TASK INSTRUCTIONS: Your copy starts at the line containing "Anfangsgehalt | ||||||" and ends at the last line below. Copy exactly, without pictures.

COLLECTED MATERIAL:
------------------------

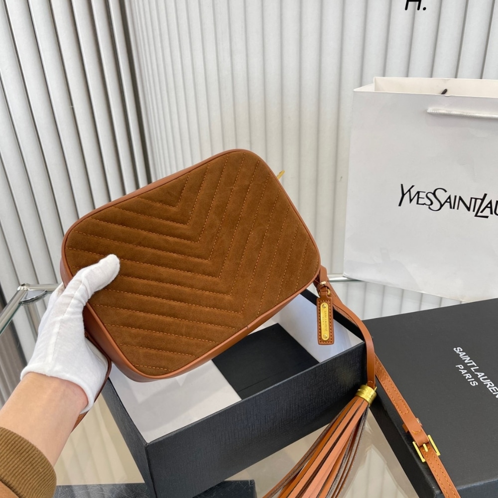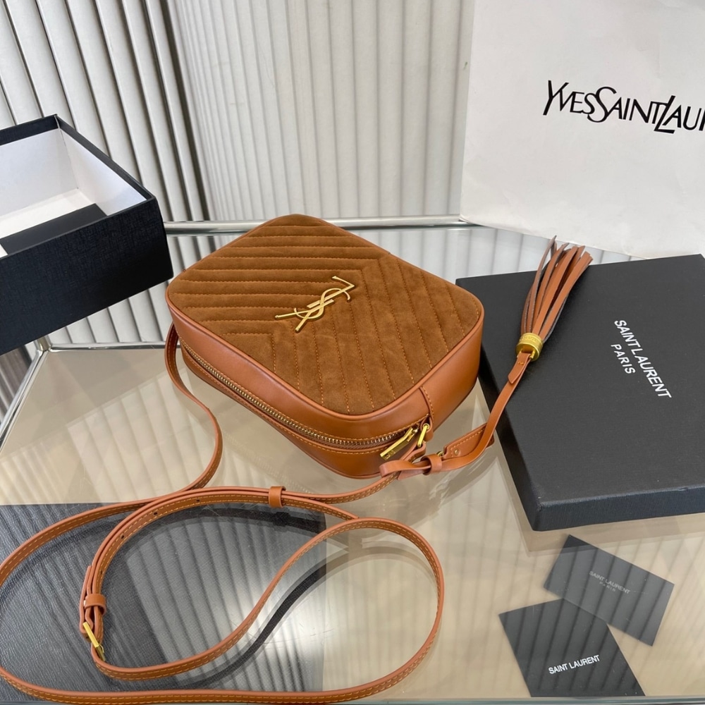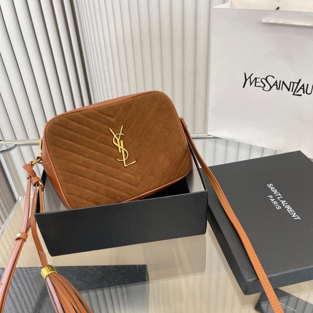 Replica 1:1 – Saint Laurent Suede Matelasse Monogram Lou Camera Bag Cinnamon
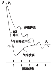 高壓液體流經節流孔時,閥座相當于節流孔板(圖4),靜壓能與動壓能相互轉換,流速的增加導致壓力降低。當壓力降低至等于或低于該液體在入口溫度下的汽化壓力PV時,液體中的氣核即膨脹而形成汽泡。流過節流面后,在寬敞的下游流道中流速下降,壓力回升。當壓力回升至P2時,并≥PV時,汽泡潰裂,這即是汽化過程。汽泡潰裂時,釋放出巨大的能量,對閥座、閥瓣等節流元件產生破壞即汽蝕。汽蝕的破壞力很大,一般的閥門在汽化條件下,運行一定時間后即遭受嚴重汽蝕,致使閥座泄漏量高達額定流量的30%以上,調節閥完全喪失調節控制功能。
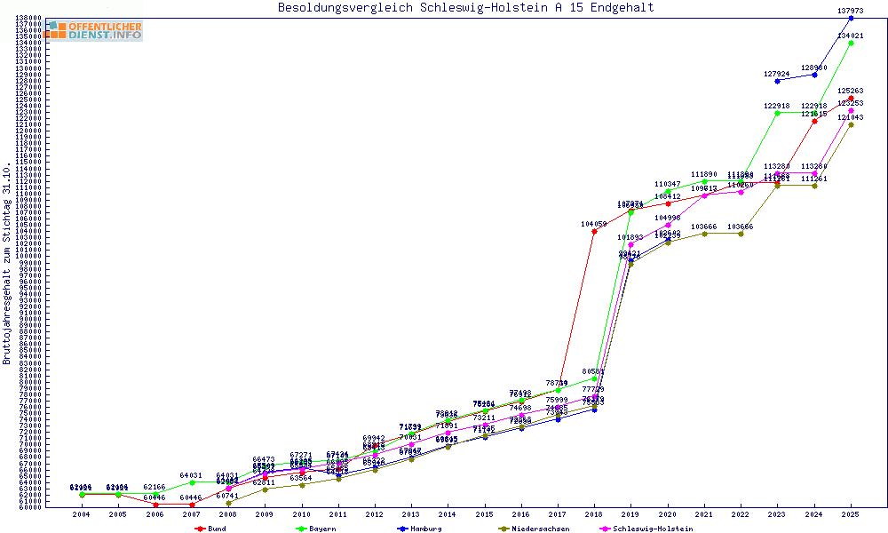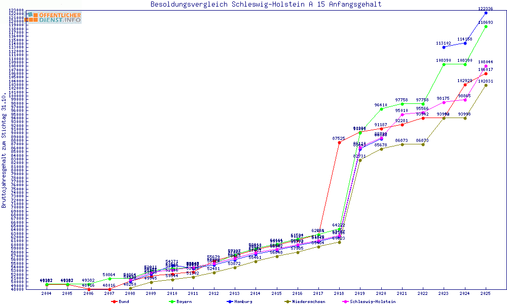 | Besoldungsvergleich A 15 im Jahr 2025 | Anfangsgehalt | ||||||
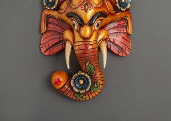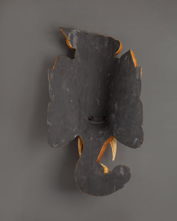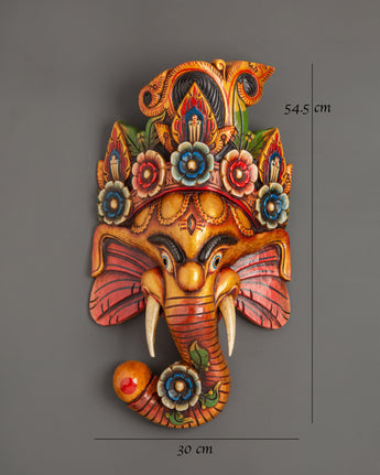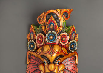 The elaborate floral crown, elaborate patterns, and bright colors for protection, prosperity, and wealth represent Ganesh's divine spirit. This mask is both a decorative and spiritual statement piece due to the exceptional artistic touch added by the exquisitely curved trunk embellished with flower designs. This handcrafted Ganesh mask symbolizes the rich tradition of Himalayan workmanship and spiritual symbolism, whether utilized for religious purposes, cultural appreciation, or as an artistic focal point.

------------------------

TASK RESPONSE:
 | Besoldungsvergleich A 15 im Jahr 2025 | Anfangsgehalt | ||||||
 The elaborate floral crown, elaborate patterns, and bright colors for protection, prosperity, and wealth represent Ganesh's divine spirit. This mask is both a decorative and spiritual statement piece due to the exceptional artistic touch added by the exquisitely curved trunk embellished with flower designs. This handcrafted Ganesh mask symbolizes the rich tradition of Himalayan workmanship and spiritual symbolism, whether utilized for religious purposes, cultural appreciation, or as an artistic focal point.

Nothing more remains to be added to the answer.